Inside the factory, 1000-square-foot furnaces powered by natural gas and electricity use 1500-degree heat to melt the cullet on the second floor. The molten glass drops down though a funnel and mechanical jaws chop it off at regular intervals. The glowing orange globs fall into machines on the first floor, which turn them into bottles by blowing compressed air into them. The glowing hot bottles shuttle down the line and are cooled, inspected, and, ultimately, shipped out. The plant runs 24 hours a day, 365 days a year, only stopping when it’s necessary to change the bottle moulds and during power outages.

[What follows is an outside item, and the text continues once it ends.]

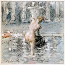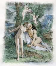 Today we have not one but two new portfolios illustrating René Boylesve’s La leçon d’amour dans un parc (Love Lesson in a Park), featuring an alluring male statue and lots of naked women. Umberto Brunelleschi’s 1933 version is here, and Antoine Calbet’s from 1942 here. Enjoy!
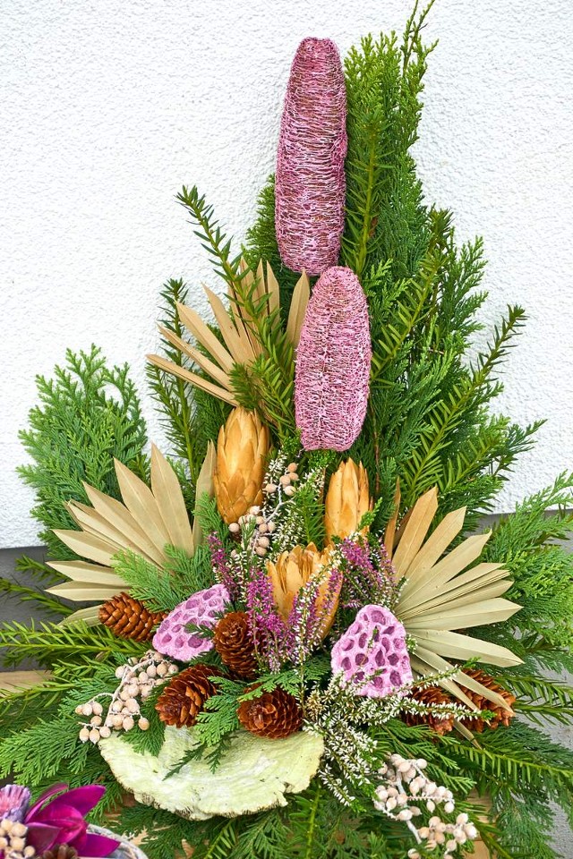 arbiges Gesteck aus Naturmaterialien Ton in Ton.

OI uses 50 per cent recycled materials in its bottles, but wants to increase that number. “I think that every glass company out there would like to get their hands on more recycled glass, because it’s just much more energy efficient,” says Walter Dovigo, manufacturing manager at OI. “The demand is high, and we just can’t get enough of it at times because of the demand. We’re making 500,000 bottles on that one line. If every consumer in the GTA brought in a bottle every once in a while we’d have enough to keep ‘er going.”
“It helps divert a lot of material from landfills, but in the process of doing that, and in the process of recycling and reusing the glass as cullet to make new bottles, the greenhouse gas savings and the energy savings associated with that are also huge,” said John Zanini, OI’s vice president of sales. “So it’s not just a recycling program. It’s a greenhouse gas and an energy reduction program.”